Watch the Dollar Bill Disappear



By Robert Ringer

In Part VIII of this article, I pointed out that the hatmaker is totally ignorant of the government's money printing policies, so he has no idea why prices are rising all around him while he still has only one "dollar." As a result, he's open to the false solutions offered up by sloganeering politicians whose main objective is to win reelection.

For example, Babybama keeps saying things like, "You and I together will go forward to change the country and change the world." The hatmaker, feeling shafted but having no idea who did it to him — or how — is primed and ready to hear about "change." He doesn't realize that when Babybama says "Yes we can," he means "Yes we can screw you out of even more of your hard-earned money."

The hatmaker doesn't understand that the cause of his woes is that every "dollar bill" the government printed up and arbitrarily passed out to his neighbors decreased the value of his "dollar." Little does he know that he hasn't seen anything yet. Wait until he experiences the effects of "universal health care" on his standard of living.

All of those newly printed paper "dollars," with no wealth behind them, compete with the hatmaker's "dollar" for the available goods and services in the community. Again, as prices rise, the "dollar bill" the hatmaker was paid no longer has the purchasing power it had when he accepted it.

This is where the government would like you to believe that its mysterious-multiplier concept saves the day. Politicians use the multiplier scam as an excuse to inject ever greater doses of socialism into society.

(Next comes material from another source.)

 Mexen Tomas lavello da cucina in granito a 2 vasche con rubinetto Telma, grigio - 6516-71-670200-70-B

This concept is based on the astonishing notion that the laws of mathematics, economics, and common sense somehow change when one goes from small to large transactions.

While government successfully perpetrates the myth that as society becomes larger and more complex, problems become too difficult for individuals to solve, the truth is quite the opposite. In reality, the more complex problems become, the better they can be solved by individuals. And there is a good reason for that: self-interest. An individual has his own well being at stake.

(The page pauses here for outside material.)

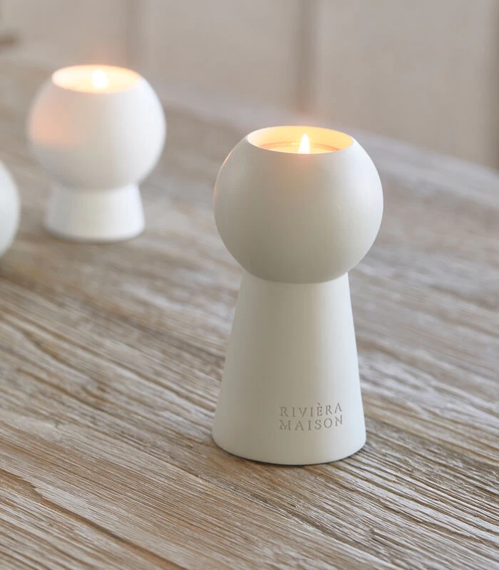 De grote RM Oriental Pearl Votive L torent boven andere theelichthouders uit. Logisch, zijn voet is behoorlijk hoog. De houder is gemaakt van polyresin, in de mooie, naturel/flax kleur. Hij heeft twee kleinere broers met wie hij een leuk trio vormt, maar alleen voelt hij zich ook uitstekend.

Every person knows himself better than some bureaucrat in Washington who has never met him. An individual understands his own needs and desires, his own personality, his own special circumstances — none of which are exactly like those of his neighbors. The larger a society grows, the less capable government is of solving the problems of individuals. So when Heavenly Hillary promises "shared change," what she is really talking about is shared poverty.

In addition to the mysterious-multiplier concept, government works hard at trying to make voters believe that economic law can be suspended and that something can, in fact, be created from nothing. People are led to believe that when money is taken from one group and handed to another, something greater results. Again, the exact opposite is true, for two reasons:

First, on the way from one group to another, a substantial portion of the booty ends up in the hands of the government employees who administer so-called transfer payment programs. Second, there is a loss, not a gain, when wealth is confiscated. What is lost is the new technology, products, services, and jobs that could have been created with it.

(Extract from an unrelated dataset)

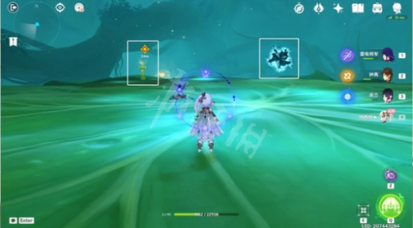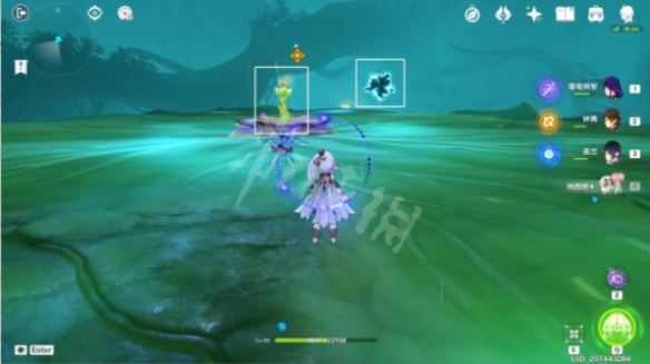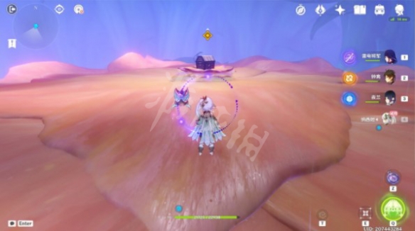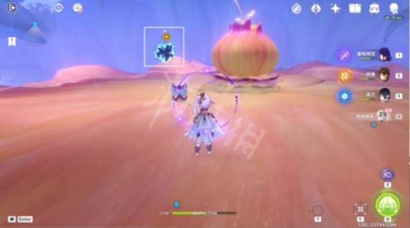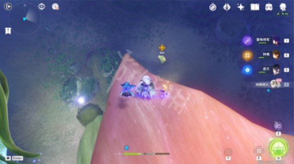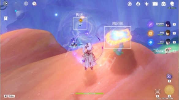 清理平台上所有的丘丘人,往地圖的西南方向走,拾取原石松脂,前往圖中指引傳送

The marketplace involves billions of individual transactions of every conceivable kind every day. If you can be led down a path toward this confusing maze of transactions, thereby directing your attention away from the one, real, and only cause of inflation, you can be made to believe that inflation is an impossibly complex problem that only politicians and government intellectuals are capable of understanding.

Which brings us to government's deficit spending problem, having spent more than it could raise through taxation and the sale of government securities to the public. Solution? Simply turn on the printing presses and the money to cover the deficit is created in no time. Presto! Problem gone. The dollar bill to the rescue.

(I should point out that references to printing money is partially a euphemism for creating money electronically — sort of a digital magic wand. But whether the fiat currency be in the form of paper or computer entries, the result is the same: It is not real money.)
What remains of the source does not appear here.